What if the insurance company declares my car as a write-off?
In the case that your car is involved in a major accident and suffers severe damage, then the insurance company may choose to declare the vehicle as a total loss or a write-off, especially if the cost of repairing is more than 75 percent of the Initial Declared Value. This figure will differ from one insurance company to another. However, to claim for a total loss, you will have to transfer the ownership of the car to the insurance company. You will need to submit all documents related to the vehicle like the original registration papers, duplicate keys and an NOC from the RTO. After the insurance company completes all the formalities, you can expect the reimbursement to arrive in a few weeks.
When does the policy need to be renewed?
Typically, a car insurance policy is valid for a year from the day of issue. The company with which you have your existing policy will start reminding you to renew it a few months before it expires. Even if you apply and get new insurance before the current one expires, the new policy will come into effect only after the expiry date of the existing one. The insurance policy takes a few weeks to process and a cover note is generally issued as proof that you have applied for a new one, and is valid for two months. But, do not forget to get a copy of the actual policy as soon as possible. In case you fail to renew the policy before it expires, you will end up losing your No Claim Bonus, if you were eligible for one.

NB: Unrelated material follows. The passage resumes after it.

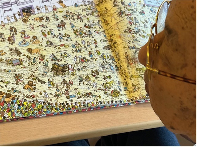 これは空いている時間に『ウォーリーを探せ』の本に熱中している入居者様の場面!!
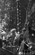 Wrzesień 1975, Warszawa, Polska. Festyn "Panorama Rzeszowska" na warszawskiej Starówce, członkowie zespołu folklorystycznego jadący meleksem. Fot. Romuald Broniarek/KARTA

While renewing car insurance, it is possible to save some money if you are smart. Always renew the vehicle’s insurance policy before the current one expires. Remember to first ask about the status of your No Claim Bonus, ask if there are free add-ons and how much voluntary excess is possible. Doing this will immediately tell the seller you are well informed. After that, remember to read the terms and conditions carefully. Going for a comprehensive insurance policy with add-on covers is your best bet, if you can afford it.